> Your goal:
Exact reproduction required: the lines below from the line with "Эта скамейка никогда" to the line with "He followed it", both ends included, and no others.

> Provided records:
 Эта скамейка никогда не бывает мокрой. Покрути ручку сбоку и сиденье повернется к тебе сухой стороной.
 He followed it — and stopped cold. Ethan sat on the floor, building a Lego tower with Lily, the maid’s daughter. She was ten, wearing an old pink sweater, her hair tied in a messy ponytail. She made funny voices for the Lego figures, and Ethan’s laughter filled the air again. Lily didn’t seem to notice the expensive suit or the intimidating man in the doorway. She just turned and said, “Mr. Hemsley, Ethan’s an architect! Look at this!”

---

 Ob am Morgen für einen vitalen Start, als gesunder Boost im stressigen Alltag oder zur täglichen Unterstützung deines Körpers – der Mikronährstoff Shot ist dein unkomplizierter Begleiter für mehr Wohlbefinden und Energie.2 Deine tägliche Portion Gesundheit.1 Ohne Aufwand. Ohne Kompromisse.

> Finished task:
 Эта скамейка никогда не бывает мокрой. Покрути ручку сбоку и сиденье повернется к тебе сухой стороной.
 He followed it — and stopped cold. Ethan sat on the floor, building a Lego tower with Lily, the maid’s daughter. She was ten, wearing an old pink sweater, her hair tied in a messy ponytail. She made funny voices for the Lego figures, and Ethan’s laughter filled the air again. Lily didn’t seem to notice the expensive suit or the intimidating man in the doorway. She just turned and said, “Mr. Hemsley, Ethan’s an architect! Look at this!”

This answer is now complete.